Neemis Enterprises: We're #1

“Do people really care enough about student demonstrators to put a thin plastic coating over a 13 gram steel core? People do.”


“The steel core is included in our plastic bullets for the sole purpose of making the round visible on X-Rays. And no one even says thank-you.”


“Pull Trigger. Repeat as Necessary.”


“We bring good things to ruins.”


“Neemis Enterprises: We're Number One! (Just give us the name and address of anyone who disagrees).”


“Better Weapons for a Better Tomorrow.”


“Guns don't kill people. Bullets kill people.”


“All's Well that Aims Well.”


“How am I shooting? Call '1-800-GOOD-AIM'.”


“All disputes will be settled by Porto-Cannon.”


“If they liked the Porto-Cannon, just wait until they see my Wheel Barrow gun.”


“Preserve Wildlife. Or it might explode on you.”


“Hello, this is your Commander speaking. It looks like we have a little incoming fire ahead. At this time I would like to ask all passengers to return to their seats, fasten their safety belts, and extinguish all smoking materials. Have a nice fight.”


“No, I can't afford Dragonstar Insurance. I can barely afford Neemis Insurance.”


“If found, please drop in any Starguild freight depository. Postage prepaid.”


“Neemis Enterprises-Redemption Value”


“Neemis Enterprises-
Where you want it.
When you want it.
No refund, no return”


Neemis Enterprises
Galactic Tour 2082

Gaylord House, Newport
Cilborn House, Newport
Startech Detention Block, New Eden
Startech Headquarters, New Eden
Startech Reeducation Center, Caulder
Heisson Aeronautics Research Center, Ancell
Imperial Senate, Earth-Sold Out
Galactic Conquest-Cancelled
“Now that you have decided to fix my ships, can I have my Drop Pods Back?”


“What you want is our Extra Large Time Release Capsule, which provides continuous coverage for a full 12 hours.”


“Are your spirits getting low?
Take Amphicaine, and go - go - go!
It's a once in a lifetime experience!”


“The Amphicaine Corps-We're just looking for a few expendable men.”


“The Few.
The Proud.
The Insane.
The Amphicaine Corps.”


“High Casualties? Call Neemis Temp. Warm Bodies when you need them.”


“Scouting reports underestimated enemy forces? Call Neemis Temp. No foe is too big, no fee is too big.”
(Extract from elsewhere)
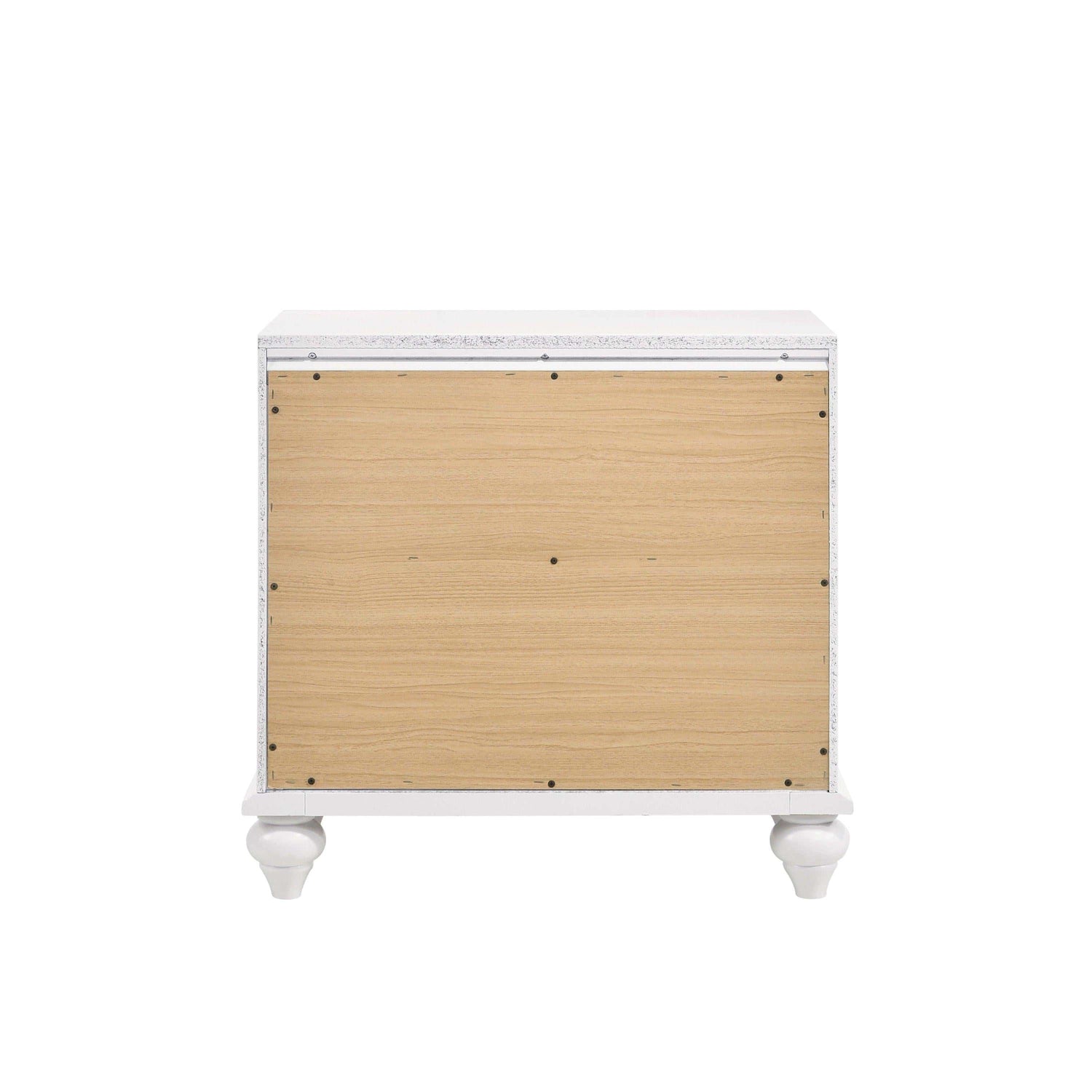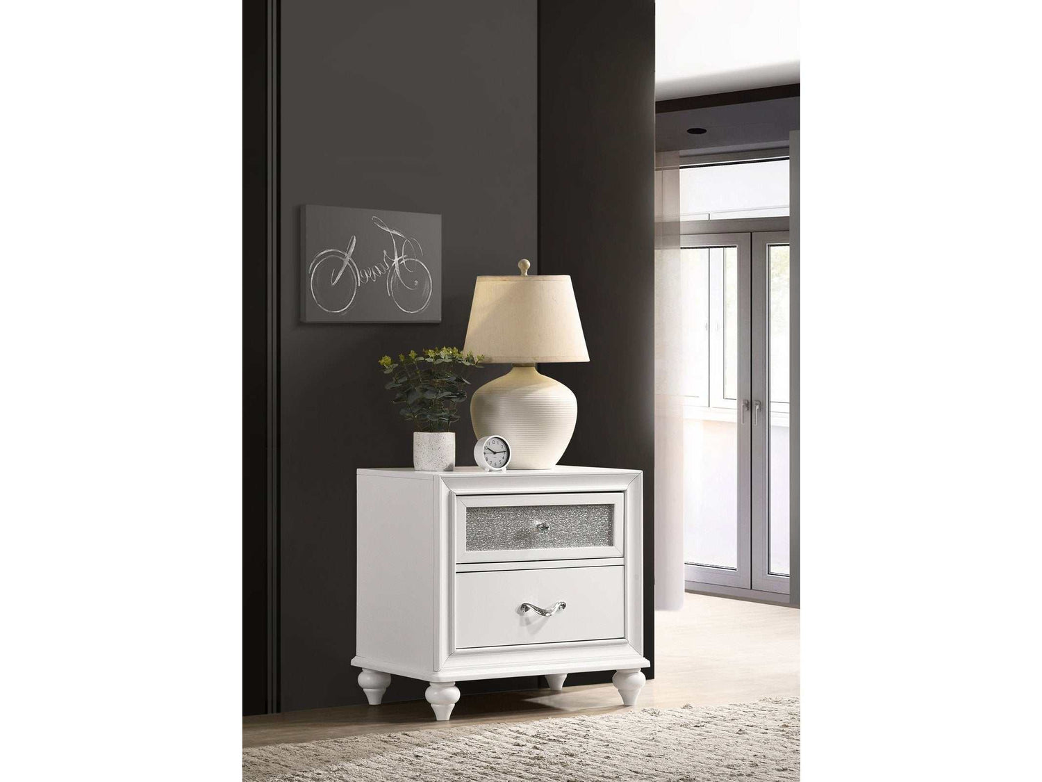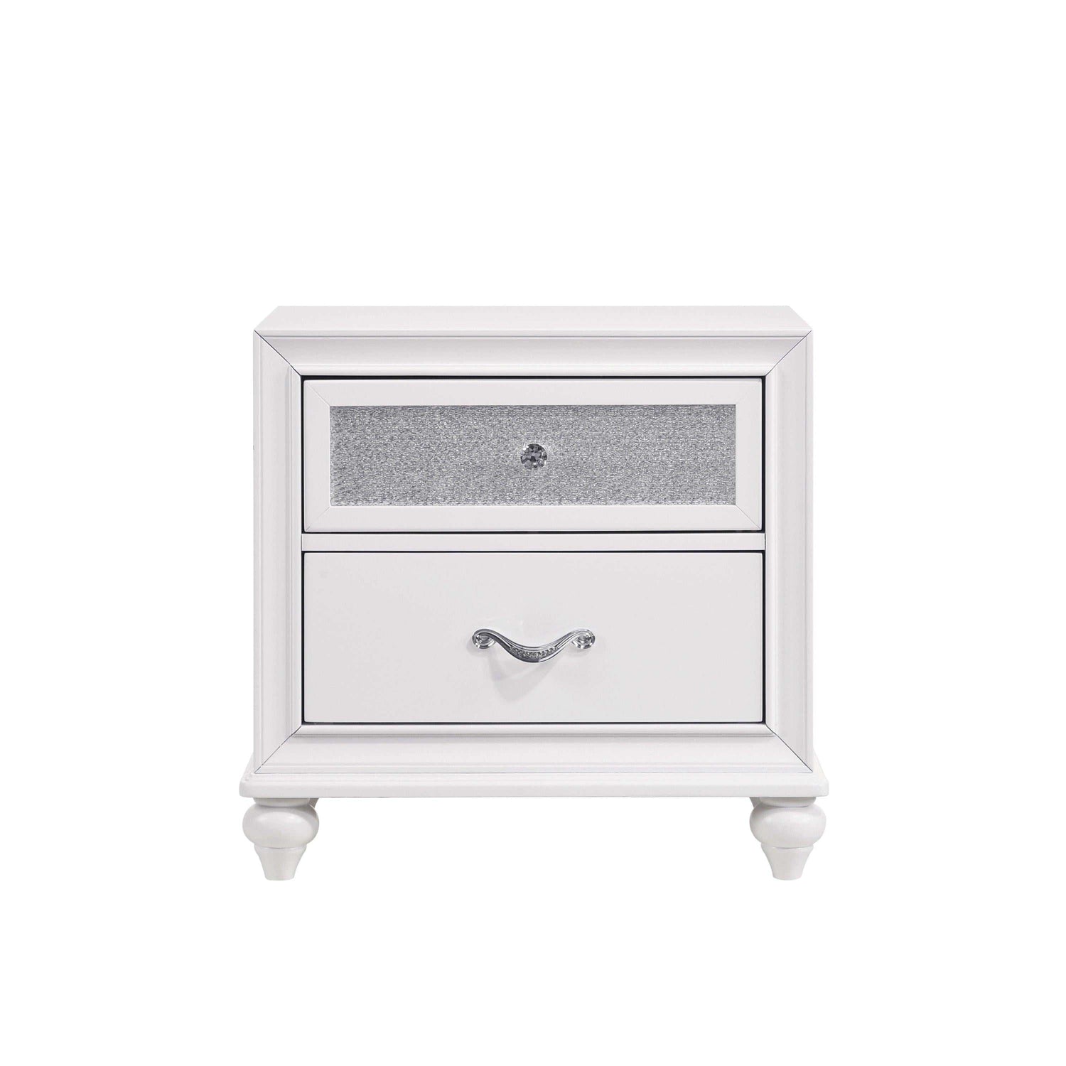 Bring a bit of glam and glitz into your personal space. This gorgeous, white nightstand is embellished with touches of sparkle to add a pop of pizzazz to any bedroom.The faceted crystal hardware glistens and gleams. The glittery acrylic panels sparkle and shine against the clean, classic white finish. Equipped with two drawers for your storage convenience, this stunning, modern nightstand keeps a bedside organized in style.

“Offensive opportunity of a lifetime? Call Neemis Temp. Expendable troops in a hurry.”


“The Government says you can't have it. We say you can. We're Neemis Enterprises.”


“Break the Law with a name you can trust. Smuggle with Neemis Enterprises.”


“When I have trouble sleeping, I take Amne-Forte. At least, I think I take it.”


“I've been taking Amne-Forte since, um, well…and it's done wonders for…well, time for a nap.”


“Who are these guys? Didn't we just blow them up?”


Blam. Blam. Blam. Blam. Blam. Blam.
“Hey, stop that. That hurts. I mean it.”


“If we put armor on the back, it will just encourage them to get shot there.”
“Besides, If they get shot in the back, they deserve it.”


“We were going to call it 'Cyclops', because he didn't have a redundant system either.”


“The Armor sucks, but we all get real big guns.”


“If You Can Read This, You're Doomed..”


“We only came here for the atmosphere.”


“Don't you have better things to do than setting Demo Charges around the house?”